Data excerpts —

----------

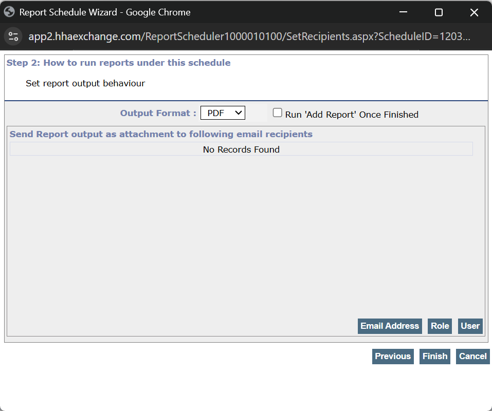Email Address sends the report to selected email addresses - Enter the Email Address in the Email Address field, and then select Add.
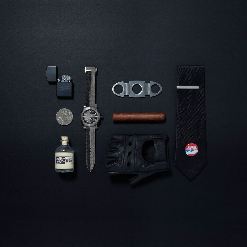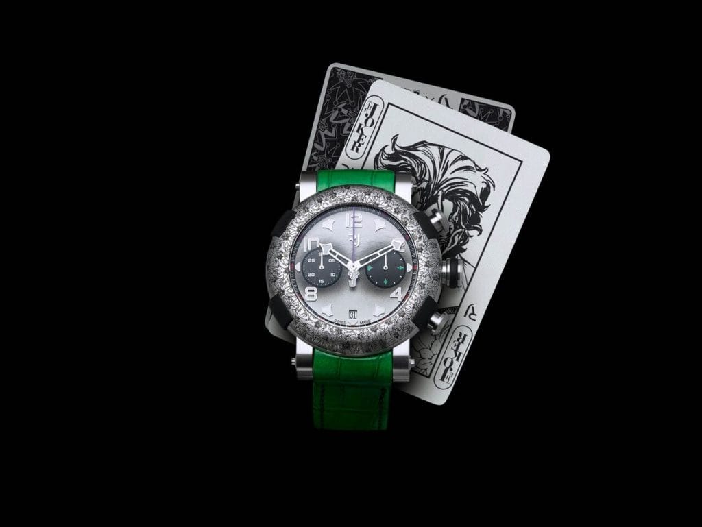 Les aiguilles ARRAW de la montre adoptent une forme unique, avec une pointe en forme d’as, un motif que l’on retrouve sur les index du cadran. L’aiguille des secondes du chronographe est quant à elle revêtue de violet, la couleur du Joker, et sa base façonnée en forme de J.
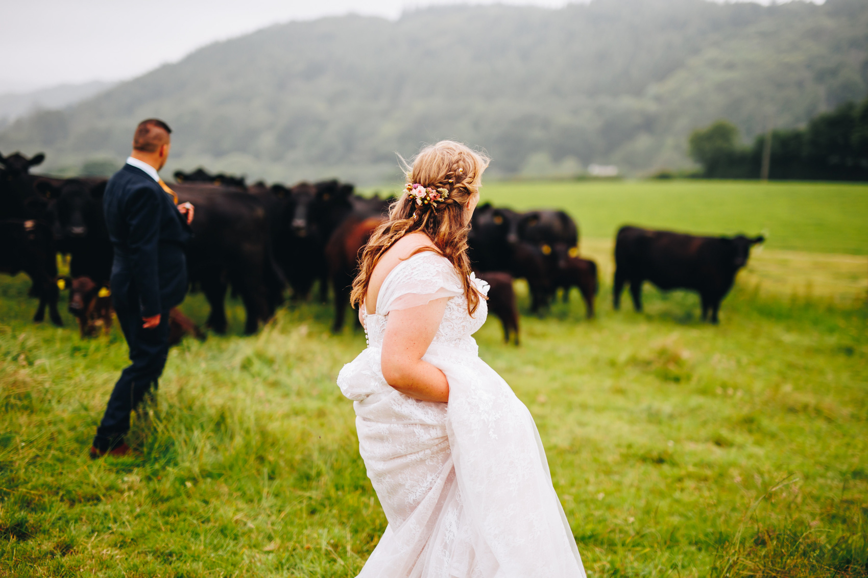 Dogs in attendance (!) and a whooole lot of cows, plus one wedding crasher cat
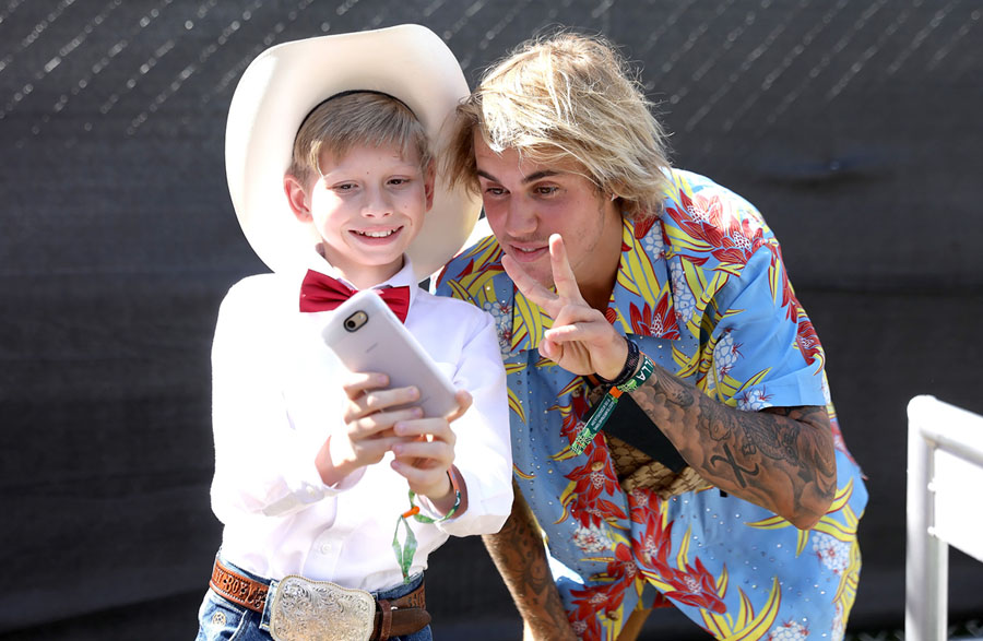 Read moreViral internet sensation Mason Ramsey (also known as "The Walmart Yodeling Boy"), and recording artist Justin Bieber pose for a selfie backstage during Coachella 2018 on April 13. #
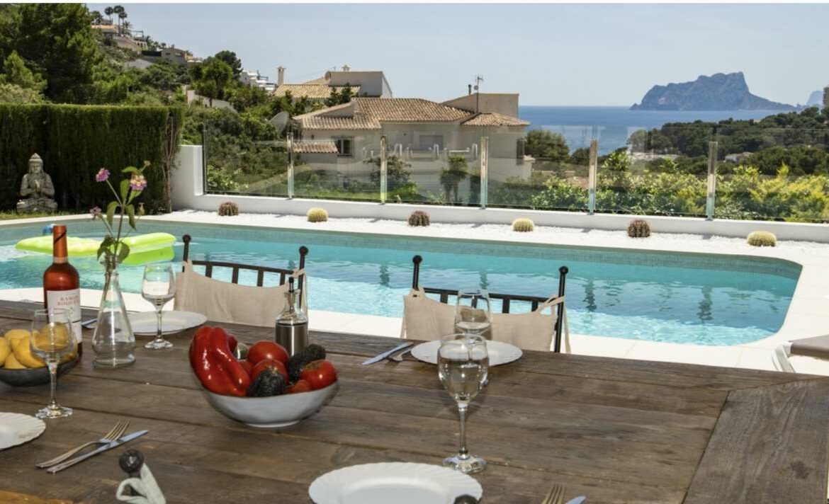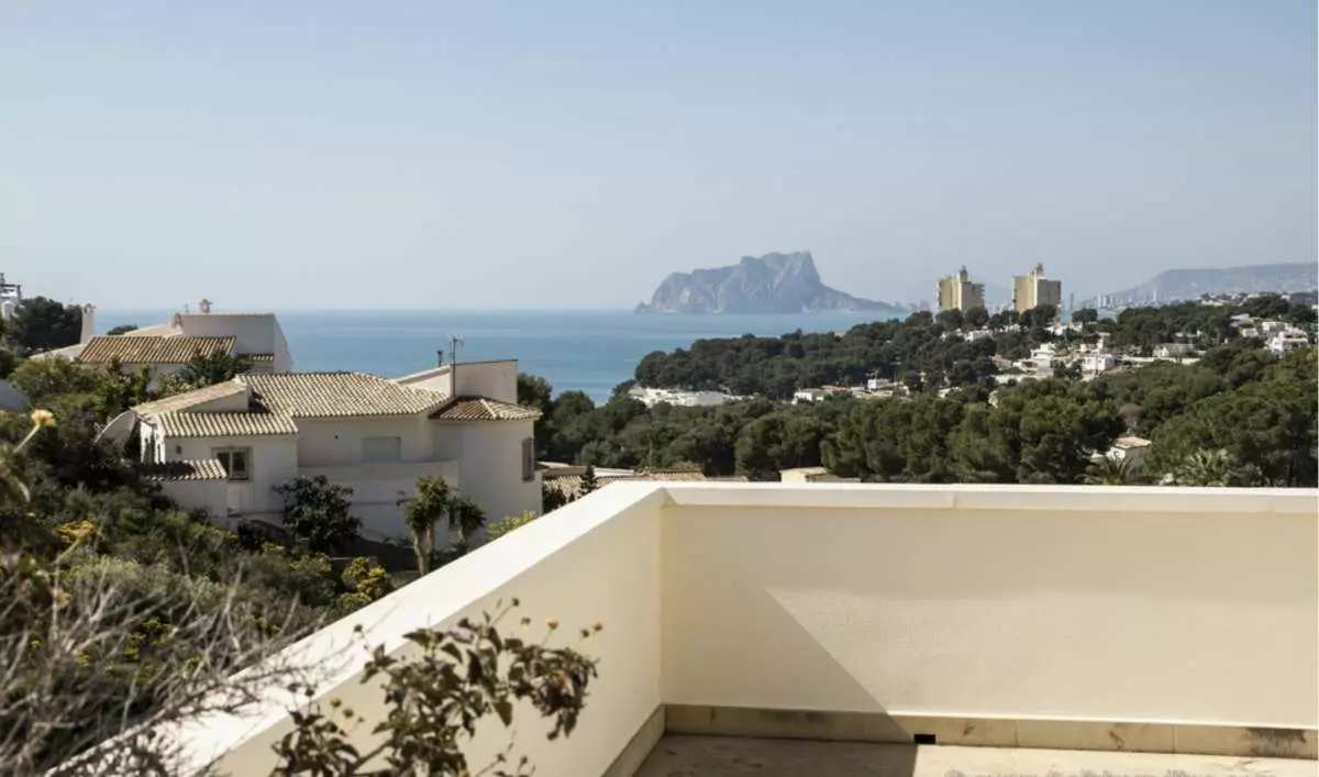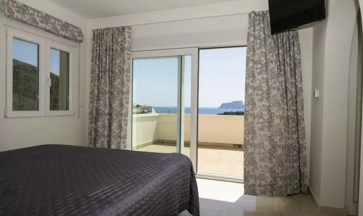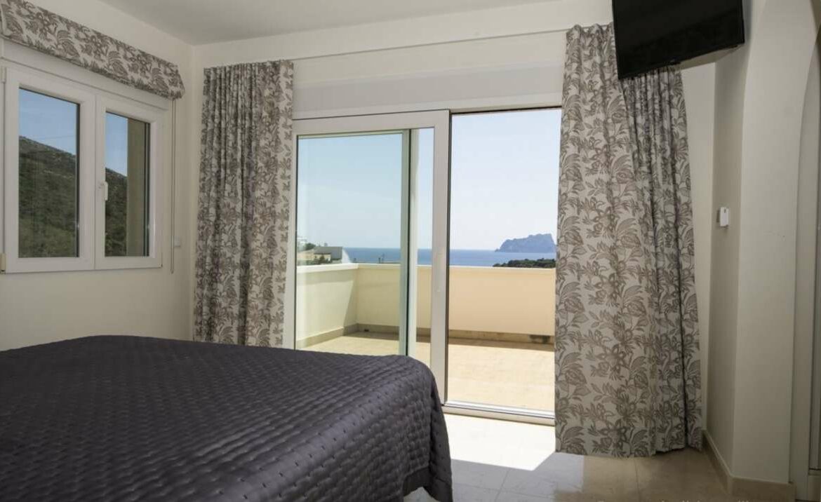 The villa provides four distinct bedrooms, all featuring en-suite bathrooms, televisions, and air conditioning units. The master bedroom benefits from a large private balcony that offers panoramic views of the sea and the Sierra Bernia mountains, creating an appealing space for relaxation.
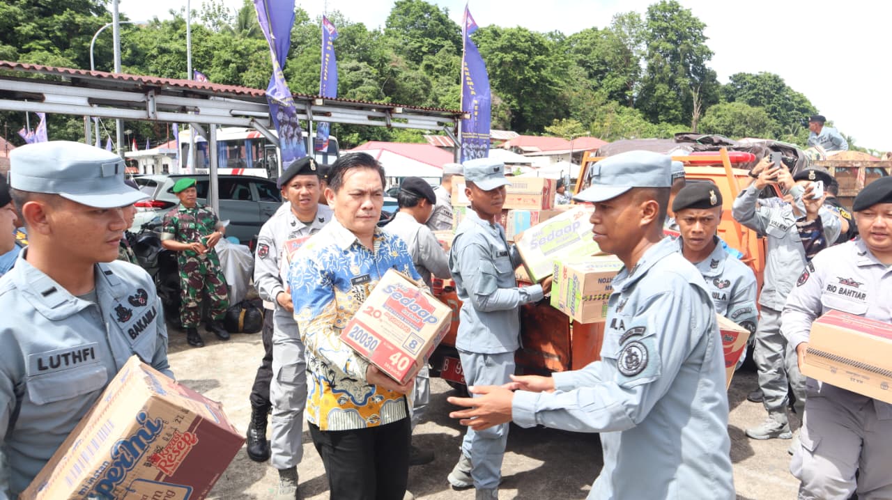KN. Singa Laut-402 yang dikomandani oleh Letkol Bakamla Hadi Wahyono membawa berbagai kebutuhan logistik, antara lain bahan pangan, air minum, perlengkapan bayi dan perempuan, alat kebersihan, obat-obatan ringan, serta perlengkapan tidur. Bantuan tersebut merupakan hasil sinergi dari Zona Bakamla Tengah, Balai Monitor Spektrum Frekuensi Radio Kelas II Manado, BPBD, Badan Kesbangpol Sulawesi Utara, serta partisipasi aktif masyarakat.
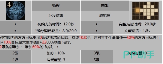 到了3级,移除增益状态的概率将增加25%,使得这个技能在控制敌人方面更加有效,而4级时充能时间将减少2秒,除了一点报复,伊胡卡特的大招初始充能时间为12.0秒,完整充能时间为20.0秒,一旦释放,它会对范围内的友方目标施加2级的防御增加状态,持续10.0秒,对于生命值低于50%的友方目标,这个技能还将提供相当于其最大生命值10%以及2200%领悟的治疗效果。
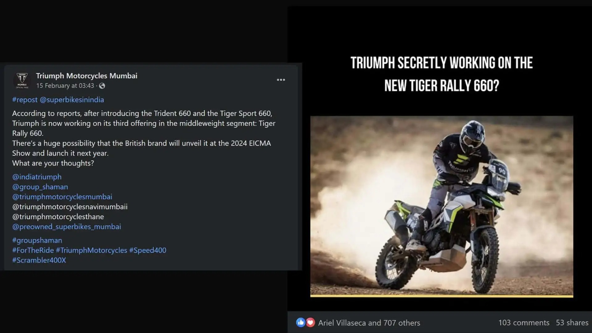 Un post su Facebook della concessionaria Triumph di Mumbai ha alimentato le voci sul possibile arrivo di una nuova Tiger Rally 660
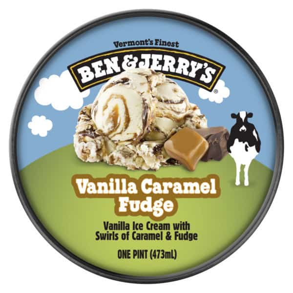 • Ben & Jerry’s Vanilla Caramel Fudge ice cream pint with Vanilla Ice Cream and Swirls of Caramel & Fudge

----------

Your task — Exclude the pictures from the copy. Retype exactly the lines running from the one containing "Un post su Facebook" through the last line of the listing.

The completed task —
 Un post su Facebook della concessionaria Triumph di Mumbai ha alimentato le voci sul possibile arrivo di una nuova Tiger Rally 660
 • Ben & Jerry’s Vanilla Caramel Fudge ice cream pint with Vanilla Ice Cream and Swirls of Caramel & Fudge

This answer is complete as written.